Have AI Chatbots finally beaten the Turing test?

In the study, 126 university students and 158 online participants were asked to chat with both an AI and a human—without knowing which was which.

Tech

Can you tell who’s human? As AI gets more convincing, the line between chatbot and person is getting harder to see.

For decades, the Turing test has been the gold standard for measuring artificial intelligence. Originally devised by British codebreaker Alan Turing in 1950, the idea is simple: if a human can’t reliably distinguish an AI’s responses from those of another human, then the AI has passed the test.

Now, in a study, researchers at the University of California San Diego (UCSD) claim that OpenAI’s ChatGPT-4.5 and Meta’s LLaMa-3.1 have done just that—convincing real people they’re human more often than not.

AI or Human? The Results Might Surprise You

In the study, 126 university students and 158 online participants were asked to chat with both an AI and a human—without knowing which was which. The AI models had just five minutes to convince participants they were the real deal.

The results? When ChatGPT-4.5 was specifically prompted to act human, it was mistaken for a real person 73% of the time—outperforming actual humans in the test! Meanwhile, Meta’s LLaMa-3.1 was chosen as human 56% of the time, also enough to claim victory in this classic test of intelligence.

Lead researcher Cameron Jones described the findings as “strong evidence” that modern AI models have truly reached a new level.

While these results are impressive, there’s a twist. The chatbots only passed when they were given a clear instruction beforehand to “act human.” Without this prompt, their performance dropped significantly—often because they would openly admit to being AI.

This has sparked debate. Can we really say AI has passed the Turing test if it needs a nudge?

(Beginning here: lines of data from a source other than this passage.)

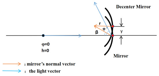 where α is the value of the tilt. Combined with the linear variation relationship of the light vector, the change in the light vector after passing through the ith mirror with decenter and tilt can be expressed as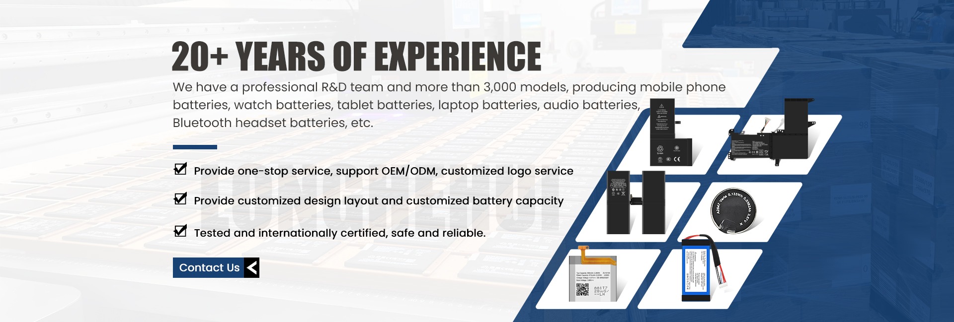 Productos principales:Batería del teléfono, Batería del teléfono móvil, Batería del reloj, Batería de la tableta, Batería del ordenador portátil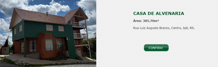 COTA IDEAL DE TERRAS RURAIS, com área aproximada de 6.000,00m², possuindo uma CASA RESIDECIAL DE MATERIAL com área de 133,00m² sendo 3 dormitórios, sala e cozinha conjugadas, área de serviço, despensa e um banheiro, um PAVILHÃO DE MATERIAL INACABADO de 200,00m², com um banheiro, localizada estrada do Vieira, (estrada pavimentada com asfalto, saída para Campestre), 1,9km do Centro de Ipê, RS.

Jones thinks so: “Without any prompt, LLMs would fail for trivial reasons… but they could easily be fine-tuned to behave as they do when prompted, so I do think it’s fair to say that LLMs pass.”

The Bigger Picture

The study highlights just how far AI has come in recent years. Just last year, OpenAI’s earlier models—ChatGPT-3.5 and ChatGPT-4—managed to fool humans only about 50-54% of the time. Now, with GPT-4.5 hitting 73%, it’s clear that AI is getting scarily good at mimicking us.

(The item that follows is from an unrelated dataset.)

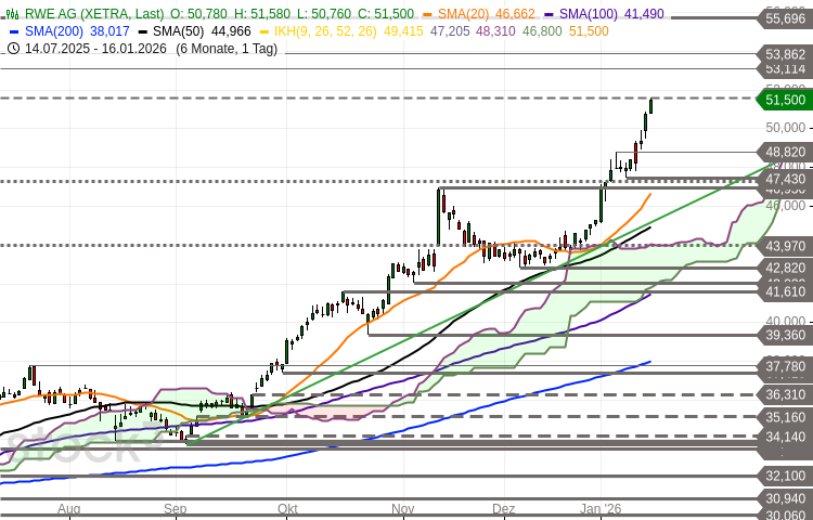 Die RWE-Aktie (WKN: 703712) weist in allen relevanten Zeitebenen einen intakten und dynamischen Aufwärtstrend auf. In den vergangenen zwölf Monaten konnte sie um rund 75 % zulegen. Zuletzt hatte der Wert am 5. Januar mit der bullishen Auflösung einer mehrwöchigen Verschnaufpause ein Anschlusskaufsignal generiert. Am Freitag verzeichnete er nach drei hochvolumigen Plustagen in Folge ein 15-Jahres-Hoch bei 51,58 EUR. Mit Blick auf die deutlich überhitzten markttechnischen Indikatoren auf Basis des Tagescharts und Wochencharts sowie einen erreichten Gap-Widerstand aus dem Jahr 2011 muss eine erhöhte Wahrscheinlichkeit für eine zeitnah einsetzende Verschnaufpause unterstellt werden. Entsprechend sollten die Stops bestehender Long-Positionen zur Gewinnsicherung engmaschig nachgezogen werden. Neue Long-Positionen erscheinen unter Chance-Risiko-Aspekten vorranging nach einer Konsolidierung oder Korrektur wieder interessant. Ein Tagesschluss oberhalb der aktuellen Hürde bei 51,61 EUR könnte die Rally unmittelbar in Richtung 53,11/53,86 EUR und eventuell 55,70 EUR ausdehnen. Mögliche Rücksetzer würden nun in den Bereichen 48,82 EUR und 46,95-47,43 EUR auf potenzielle nächste Unterstützungen treffen. Das technische Bias bleibt auch in der kurzen Frist bullish, solange die letztgenannte Zone nicht per Tagesschluss unterboten wird. Darunter wäre das Einschwenken in eine deutlichere Korrekturphase einzuplanen. Zu einer Eintrübung des übergeordneten Chartbildes käme es erst unter 42,82 EUR.

It’s a development that raises big questions about the future. If AI can already pass as human in casual conversation, what does this mean for trust, misinformation, and even human identity?

For those curious, you can try your own Turing test experiment at turingtest.live and see if you can spot the difference.

One thing’s for sure—Alan Turing’s 75-year-old challenge has never been more relevant.